Так уж повелось в Узловом испокон времен, и администрация порта, сколько ни билась, ни черта не могла поделать – торговали, злодеи, и все тут. Порт Узел-Главный превратили в барахолку. Добро бы еще использовали зал ожидания или прилегающую автостоянку, нет ведь, кругом одно: купи-продай! И в буфете, и на оперативном складе, и даже на стартовой площадке сновали какие-то шустрые ребята, ловко уворачивались от прибывающих межмирников и шептались со стюардессами. Они отчаянно и не без умысла мешали таможенной службе досматривать межмирники на предмет контрабанды, однако поделать ничего нельзя было. Администрация, в конце концов, тоже живой человек, и как всякому живому человеку, проживающему в городе Узловом, ей хочется иметь разные запространственные штучки, чтобы не быть хуже других.

Впрочем, не нужно думать, что коррупция захлестнула Узел-Главный, не оставив островков Закона и Порядка.
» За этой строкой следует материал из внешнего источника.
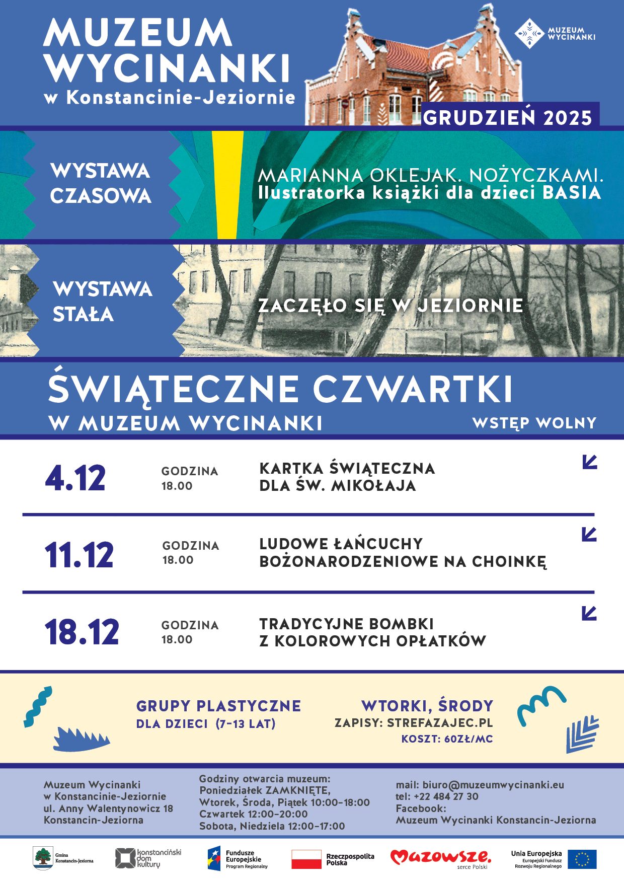 Tym razem uczestnicy wykonają ludowe łańcuchy ze słomy oraz inne tradycyjne ozdoby bożonarodzeniowe z kolorowego papieru. Zajęcia poprzedzi krótka gawęda etnografa, połączona z prezentacją dawnych dekoracji choinkowych – tych, które zdobiły wiejskie domy na długo przed pojawieniem się bombek.

Время от времени полиция отлавливала уж самых наглых аферистов, вышедших на большую Дорогу Миров. Недолго удавалось продержаться и торговцам оружием. Отношение к ним было самое худое, и у пилотов, и у большинства купцов. Кому, в самом деле, охота расхлебывать последствия разрушения Илиона ракетами класса «Земля-земля»? И что тут можно выгадать, если этак, вразнос, пришпоривать историю? Одни неприятности, хаос, и, обязательно, валютную нестабильность, будь она неладна.

Прибываешь, скажем, как всегда, в Запорожскую Сечь – порт большой, веселый и на торговлишку бойкий. Везешь цветного нейлону чуть не гектар – на шаровары. А тут тебя твои же старинные знакомцы по крымскому гулянью хватают и начинают на кол сажать. Что? Почему? Оказывается, какой-то гад толкнул здесь кому-то ящик гранат из-под Сталинграда, а подкоморий Нечипоренко на них и подорвался. И казну великую, специально для похода в Турещину собираемую, разнесло в пыль. Теперь хоть к ляхам на поклон за деньгами иди…

Вот этой самой нестабильности более всего боялись в ближнем Параллелье, и оттого таможенную службу у честных купцов принято было уважать и всячески демонстрировать ей пиетет.

Капитаном торгового межмирника «Старец Елизарий» был Родион Щетинин, бывший беломорский купец, из раскольников. От тех времен сохранил он только черную встрепанную бороду, да армяк. Сам же был теперь завзятый пилот, прошел огни и воды, побывал и в мегаполисах грядущих столетий, и в бредовых кривых пространствах дальнего Параллелья. Немало повывез оттуда разных диковинных штук, которые, иной раз, черт знает, для чего и нужны. А все же каждый раз, проходя таможенный досмотр, волновался. Вот и сейчас, увидев на пороге своего межмирника человека в строгом темно-синем костюме с петличками и пуговицами, блеснувшими золотом, Родион даже обмер в первый момент. Тут же спина его, траченная плетью на воеводином подворье, несколько изогнулась, а бороду разняло улыбочкой.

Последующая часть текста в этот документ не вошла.